Electronics and Semiconductors

Shell vows to install 500,000 charging stations by 2025

18 February 2021
For Shell, its plan to be zero carbon emissions includes a reduction of emission intensity by 6-8% by 2023, 20% by 2030, 45% by 2035 and 100% by 2050. Source: Shell

Shell said it plans to install about 500,000 charging stations by 2025 to meet increasing demand globally for electric vehicles (EVs). Currently, Shell has about 60,000 active charge points today.

The move by one of the world’s biggest energy companies is part of its plan to become a net-zero emissions energy business by 2050. Shell is making the pledge to support the goal of the Paris Agreement on climate change to limit the global temperature rise to 1.5° C.

The move also continues the trend of global energy and transportation companies accelerating EV portfolios and infrastructure to support growing consumer demand for the vehicles and the desire to cut back on carbon emissions. Recently, Ford, General Motors, Jaguar and Daimler have pledged to increase production of EVs in the next 10 years with some even vowing to phase out gas- and diesel-powered vehicles. Additionally, the Biden Administration said it will replace all of the U.S. government’s 650,000 vehicles with electric models.

For Shell, its plan to be zero carbon emissions includes a reduction of emission intensity by 6% to 8% by 2023, 20% by 2030, 45% by 2035 and 100% by 2050.

Shell said it will also extend its biofuels production and distribution business through its joint venture Raízen, which produced 10 billion liters of biofuels in 2019 from sugar cane in Brazil. The goal is to increase Raízen’s bioethanol production capacity by 50% to 3.75 billion liters a year.

In terms of renewable energy, Shell said it will aim to sell 560 terawatt hours a year by 2030, about twice as much electricity as it sells today. Shell sells this energy to 15 million retail and business customers worldwide. The company will also invest about $100 million a year in projects on the ground to build a significant business to help meet its net-zero emissions targets. Finally, the company will develop integrated hydrogen hubs to serve industry and heavy-duty transportation with the goal to achieve double-digit global clean hydrogen sales.

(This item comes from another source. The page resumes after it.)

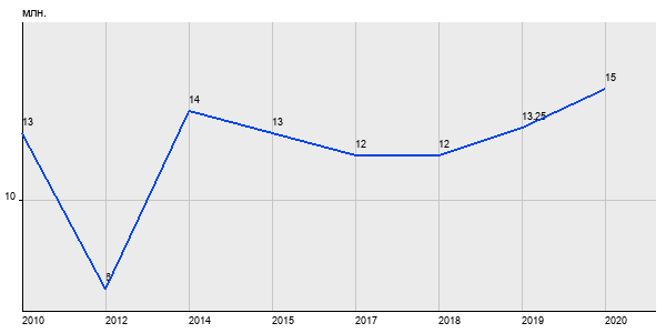 13 млн. руб, а в 2020 году - 15 млн. руб. Таким образом, средняя стоимость двухкомнатных квартир в районе "Аэропорт" за

While automotive OEMs continue to accelerate plans for expanding EV adoption, the infrastructure will also need to be built to sustain this increased demand. That means the necessary roll out of new charging stations to alleviate any range anxiety that may still exist among consumers, making it as easy to find a charging station as it is to find a standard fuel station.

This is happening in lock step with the planned increase in EV deployments. EV charging stations are rapidly seeing an increase with superhubs being built in certain locations in the U.S. and the Biden Administration’s plan to build 550,00 EV charging stations nationwide. European home charging vendor Wallbox recently announced that it would enter the U.S. market for the first time with a home charger specifically built for the North American market to promote increased use of charging stations in the home.

If traditional gasoline giants, such as Shell, continue to support EV charging stations, the rollout is likely to happen even quicker.